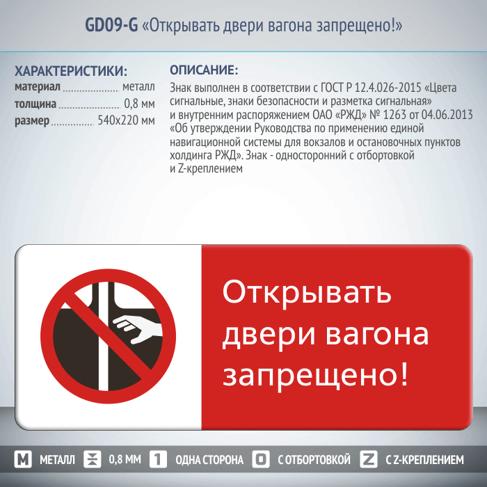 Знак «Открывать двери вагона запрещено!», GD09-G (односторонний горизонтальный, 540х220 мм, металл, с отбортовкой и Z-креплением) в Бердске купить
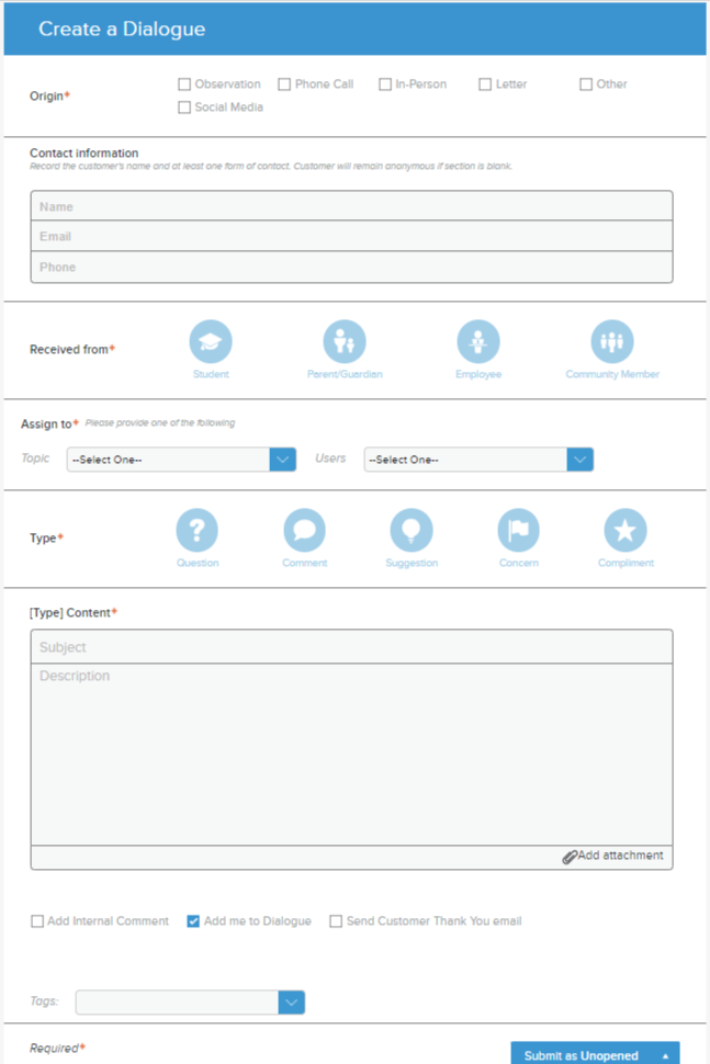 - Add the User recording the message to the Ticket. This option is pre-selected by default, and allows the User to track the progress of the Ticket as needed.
----
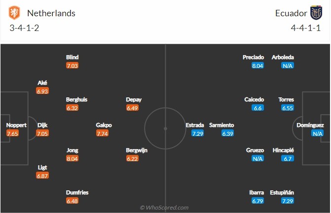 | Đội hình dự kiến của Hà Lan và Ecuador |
----
• [Task instructions]:
Above are the records. Copy only the lines from the one with "в Бердске купить" through the one with "- Add the User", exactly, with no pictures.

• [Exercise solution]:
 Знак «Открывать двери вагона запрещено!», GD09-G (односторонний горизонтальный, 540х220 мм, металл, с отбортовкой и Z-креплением) в Бердске купить
 - Add the User recording the message to the Ticket. This option is pre-selected by default, and allows the User to track the progress of the Ticket as needed.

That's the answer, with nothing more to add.